Hardware Component Model
Components in Pax are inspired by components on a digital circuit board — namely: they are signal-driven, encapsulated, and composable.
We can illustrate this parallel with a virtual AndGateLED
and two signal inputs (Property<T>
), outputting to a VirtualLED
component that lights up when the inputs are both true.
//and_gate.rs
#[pax(
<VirtualLED signal={self.input_a && self.input_b} >
)]
pub struct AndGateLED {
input_a: Property<bool>,
input_b: Property<bool>,
}
This AndGateLED
might be used in some other component's template like:
<AndGateLED input_a={self.is_validated} input_b={self.is_accepted_by_server} />
While contrived, this example may look vaguely familiar if you've used a visual circuit design tool for FPGAs with VHDL or Verilog. Here's a screenshot from such a tool[1], illustrating how circuit components expose both inputs and outputs, and compose with each other for logic flow.

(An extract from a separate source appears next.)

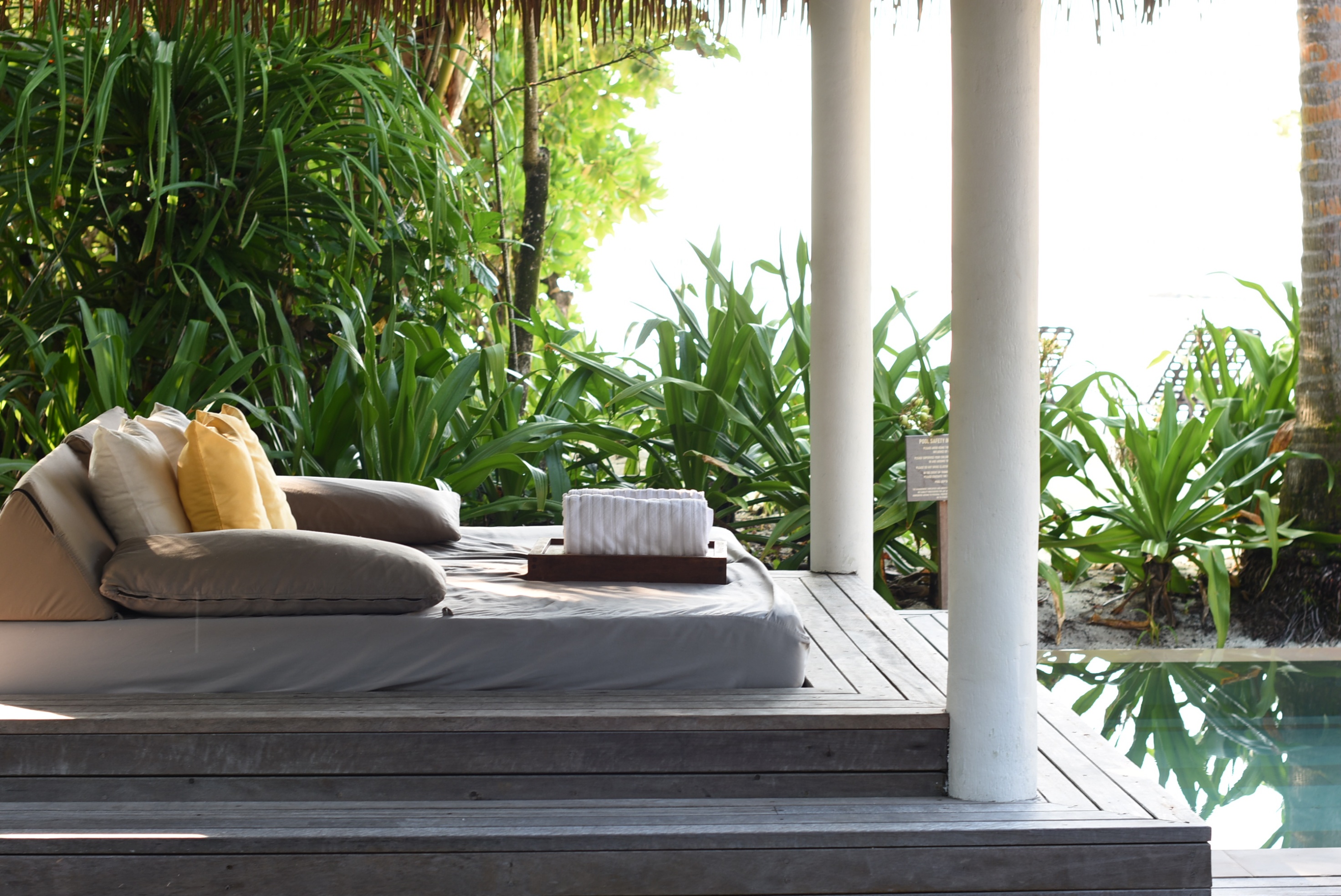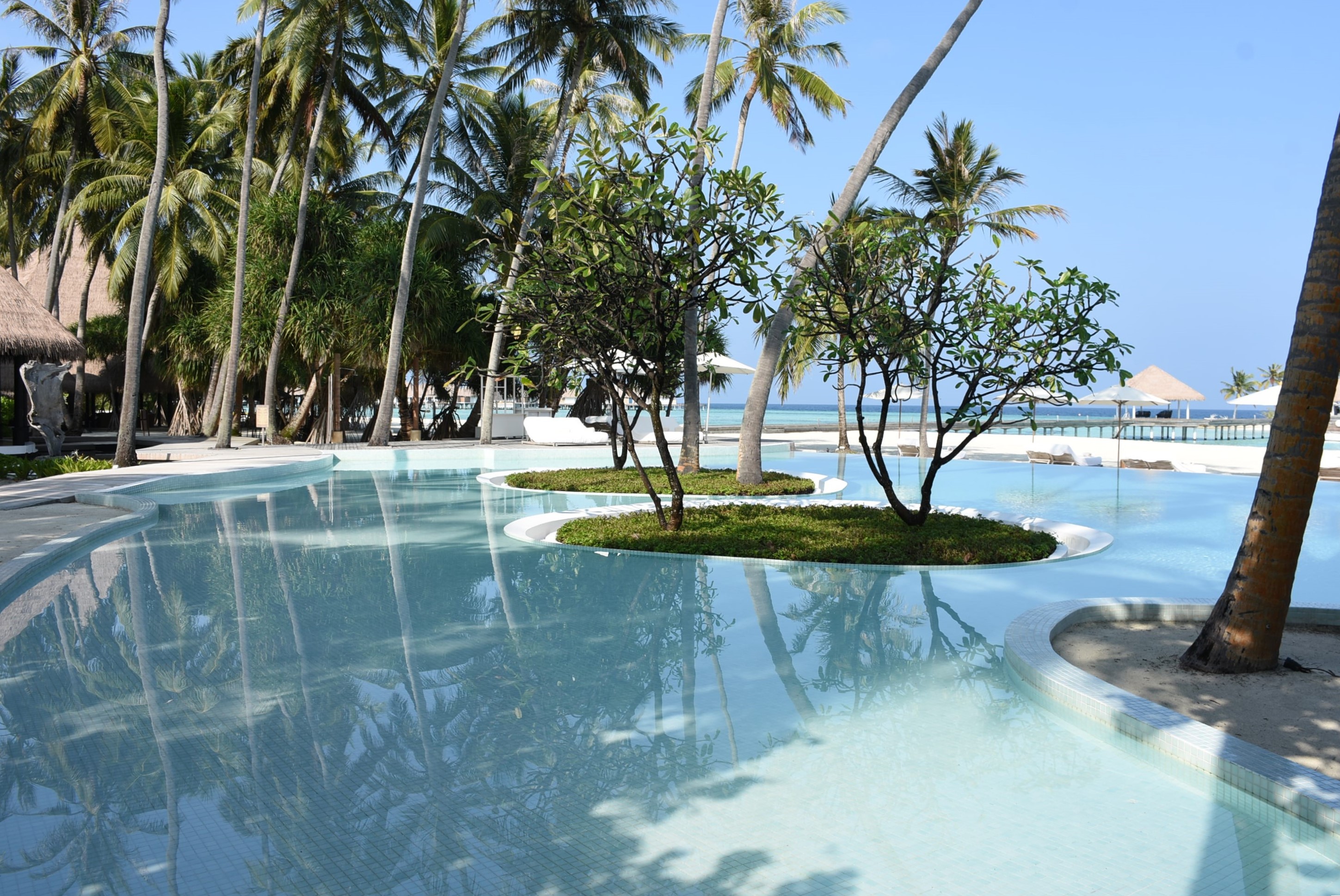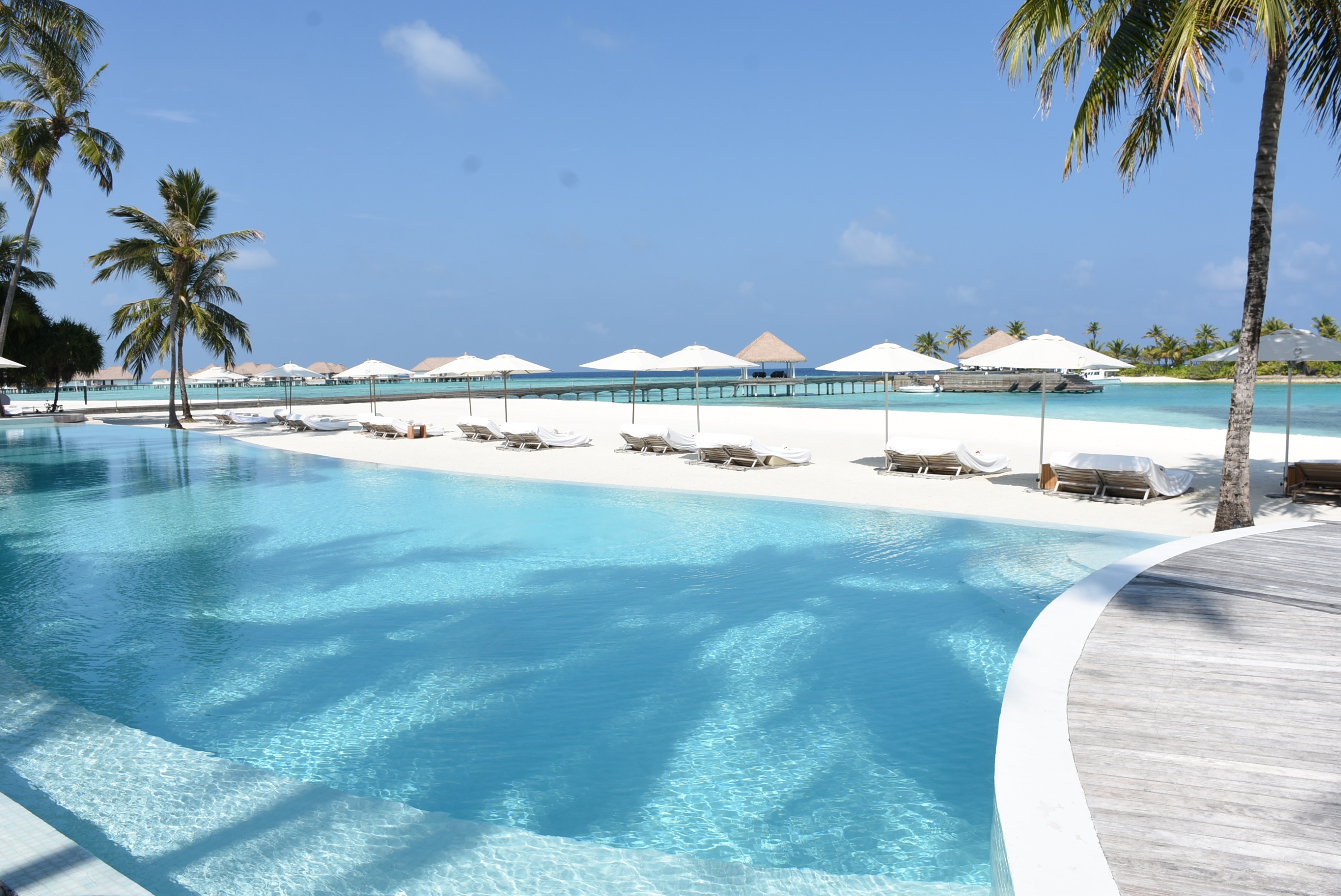 真っ白なビーチは貝殻や珊瑚が混じりふっかふかというわけにはいかないのですが、それがまた手つかずのリゾートの証拠だと感じました。レストランのサンドカーペットも心地良く、滞在中ずっと裸足で過ごしていました。

Looking at Pax through this lens, properties are component "inputs", while settings are component "outputs". The hierarchy of components is declared through the template of each component, traversed as a single combined tree by the Pax compiler & runtime. You can read more in the chapters Properties & Settings, Expressions, and Templates
[1] Image credit: Aldec, Inc. https://www.aldec.com/en/products/fpga_simulation/designeredition (opens in a new tab)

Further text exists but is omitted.